Cervical Cancer Screening: The availability of point-of-care testing for human papilloma virus (HPV) could simplify cervical cancer prevention programs expanding access to screening for women in low and middle income countries. As part of a National Cancer Institute-supported cooperative agreement, Dr. Louise Kuhn, epidemiologist at the Mailman School in collaboration with colleagues at the University of Cape Town, is evaluating a new point-of-care HPV test developed by the diagnostics company Cepheid. A clinical study is underway in South Africa and preliminary data support the clinical utility of the new screening test to improve cervical cancer prevention.

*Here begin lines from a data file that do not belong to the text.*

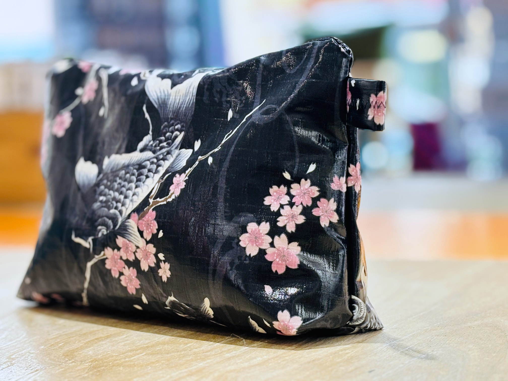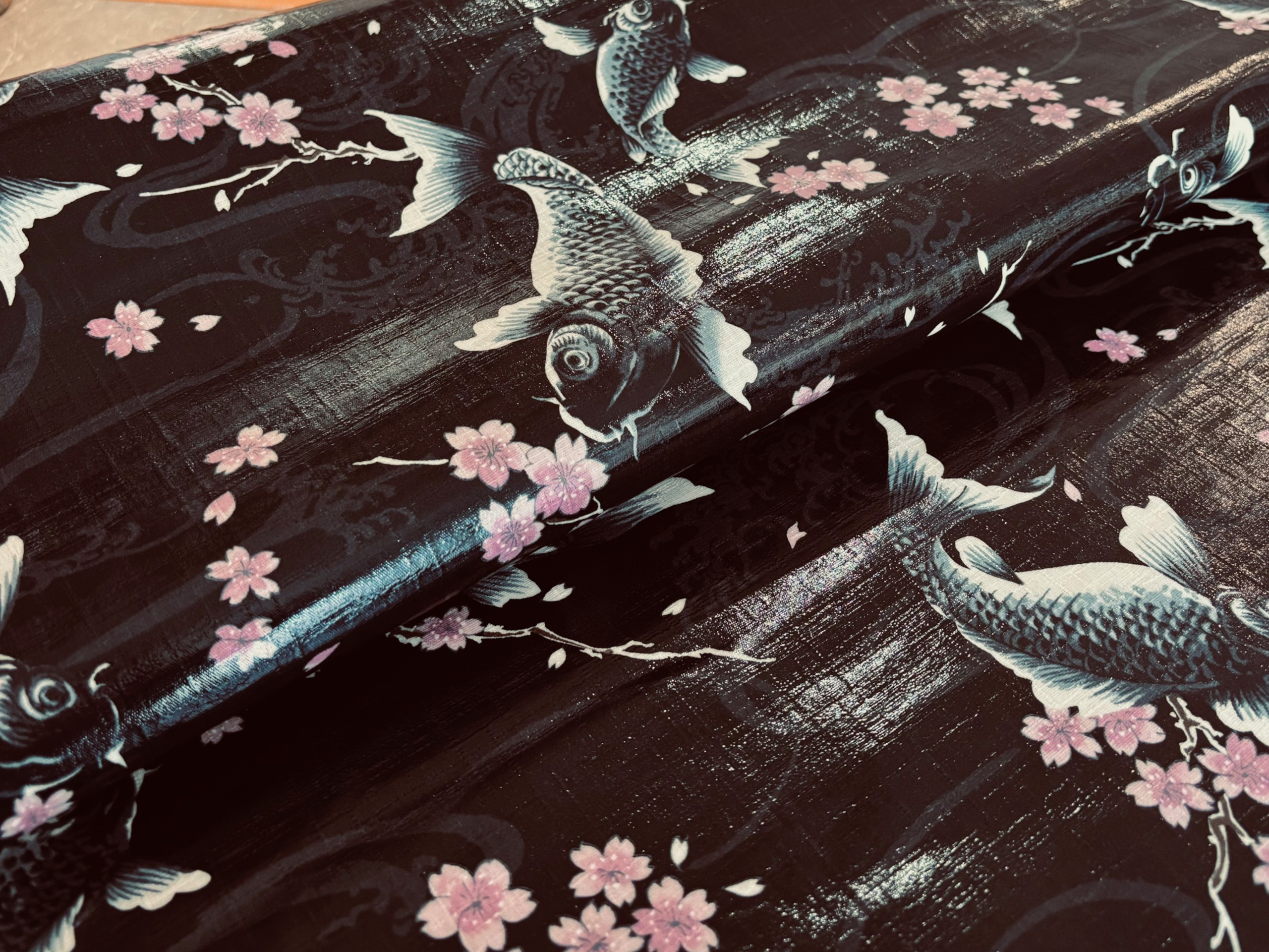 Ein Traum! Echino Wachstuch mit großen Kois (8 x 14 cm) in coolem Schwarz mit rosafarbenen Kirschblüten. Asiatische Anmutung. KOKKA, made in Japan. Untergrund mit leinenartiger Optik. Festere, strapazierfähiger Qualität, matt folienlaminiertes Baumwoll/Leinengemisch. Unverwüstlich und wunderschön für Taschen, Tischdecken, Tablethüllen und vieles mehr. Made in Japan.45% Baumwolle, 55% Leinen, 110 cm breit, laminiert.
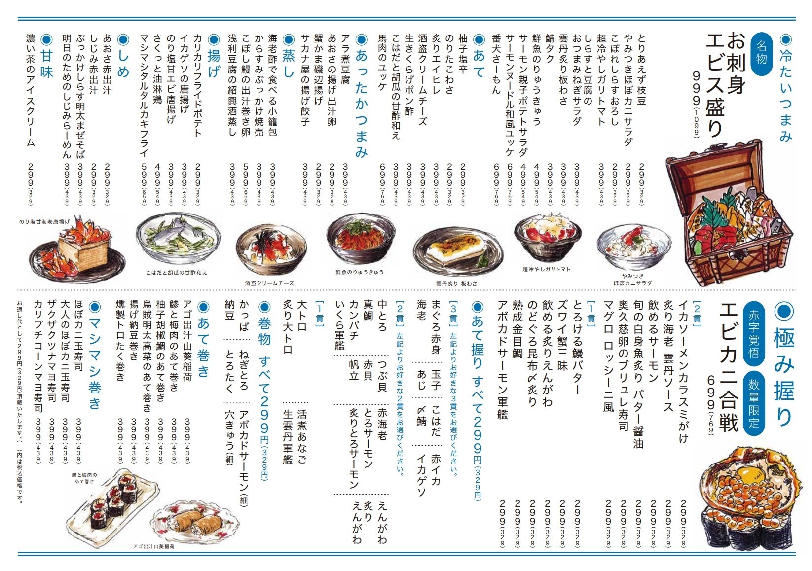 【おつまみ感覚でつまめる「あて巻き」や、気軽に頼める「あて握り」は1貫99円~(税込109円)】
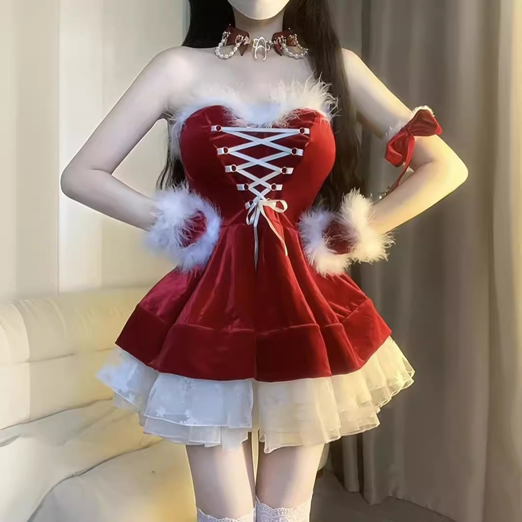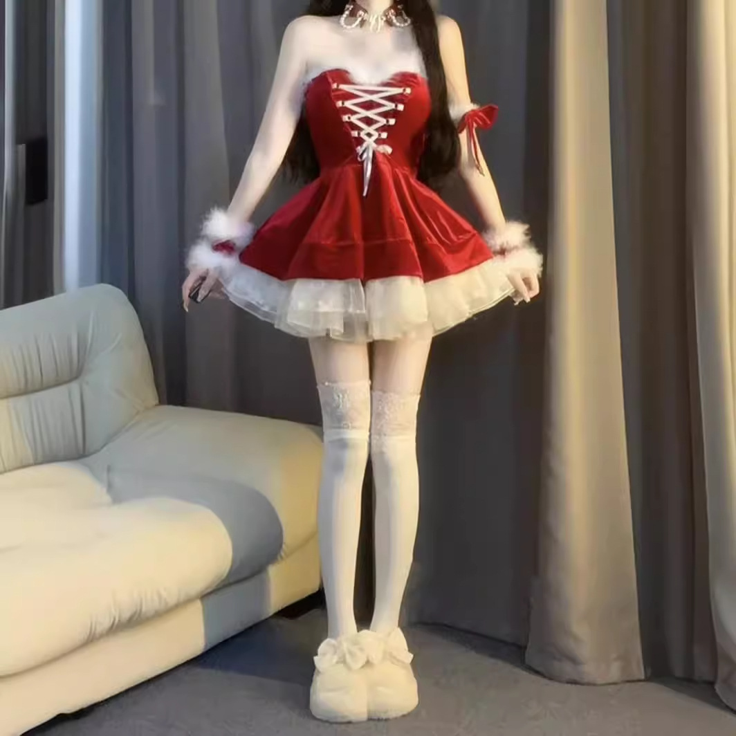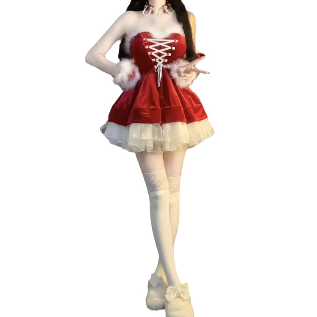 纯欲性感圣诞战袍收腰显瘦丝绒连衣裙氛围感红色短裙
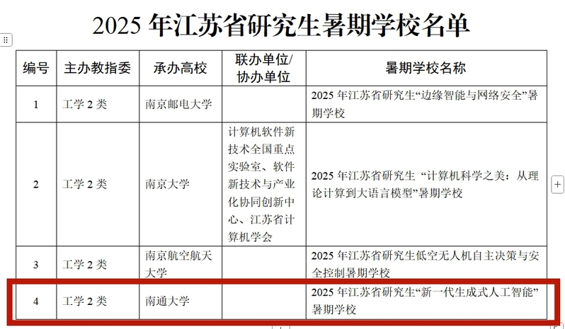 近日,2025年江苏省研究生暑期学校名单公布,我校yl6809永利官网集团“2025年江苏省研究生‘新一代生成人工智能’暑期学校”成功获批并立项。
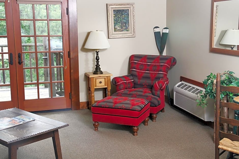 Chalet-style master suite with a spa bath, river-rock fireplace, a cable TV, a fridge and tea/coffee-making facilities. Has a private deck facing the Rogue River.
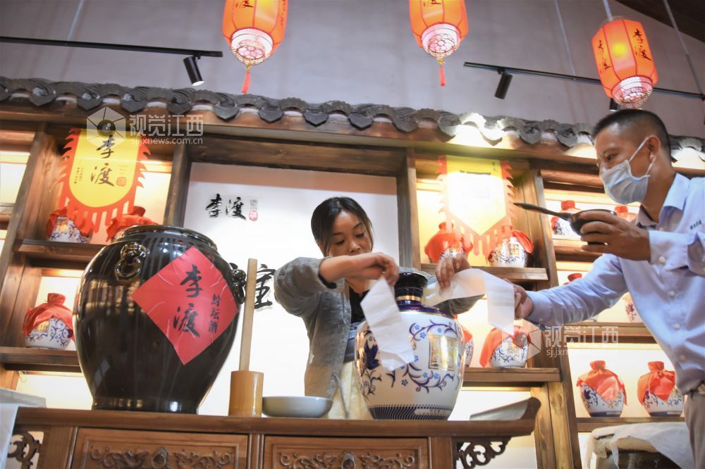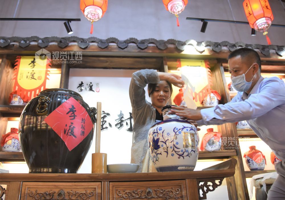 2021年9月14日,在江西省进贤县李渡镇2021年李渡酒厂第八届国宝封坛酒文化节上,来自鄱阳县的顾客早早赶到现场争先认购国宝封坛酒。他们说:“酒,寓意天长地久,年年富有,祈盼来年大丰收?!?/p>

Obesity and Young Onset Colorectal Cancer: To evaluate the relationship between obesity and young onset colorectal cancer Dr. Christine Molmenti, postdoctoral research scientist in the Department of Epidemiology, studied obesity and subsequent development of colorectal cancer in individuals under 50 and found that early life obesity may be associated with increased risk of colorectal cancer in this age group. In addition, Dr. Molmenti and co-authors specifically collected data and analyzed trends in individuals under 50 in in New York State. While they concluded that data are limited in this age group, they reported that New York State trends parallel national trends for age and gender, but differ when stratified by race/ethnicity. This information is the first step in establishing obesity as a potential contributor to the national increase in young onset colorectal cancer incidence. Students in the Mailman School’s Summer Institute for Training Biostatistics (CSIBS) and Biostatistics Enrichment Summer Training Diversity Program (BEST), assisted on the project funded by the National Cancer Institute (Lead Investigator: Dr. Neugut)
Breast Cancer Screening Among Dominican Latinas: Ongoing research by Dr. Ana Abraido-Lanza, in the department of sociomedical sciences, and colleagues adds to the growing debate about the extent to which fatalistic beliefs about cancer affect mammography screening among Latinas. While their findings indicate fatalism is not associated with screening, perceived barriers, such as cost and not knowing how to get a mammogram, contribute to decreased screening.
In a paper on social networks and social support for healthy eating among Latina breast cancer survivors, Dr. Rachel Shelton in the department of sociomedical sciences and colleagues Drs. Parisa Tehranifar and Heather Greenlee in epidemiology, studied the social networks and perceived support for healthy eating in a sample of New York City breast cancer survivors of predominantly Dominican descent. Results showed that although friends are part of Latina breast cancer survivors’ social networks, spouses and children may provide greater support for healthy eating than friends.
Dr. Shelton also recently published on the differences in the resources, information, and support parents coping with pediatric cancer accessed from different types of network contacts and the role of health-related professionals in brokering new network ties.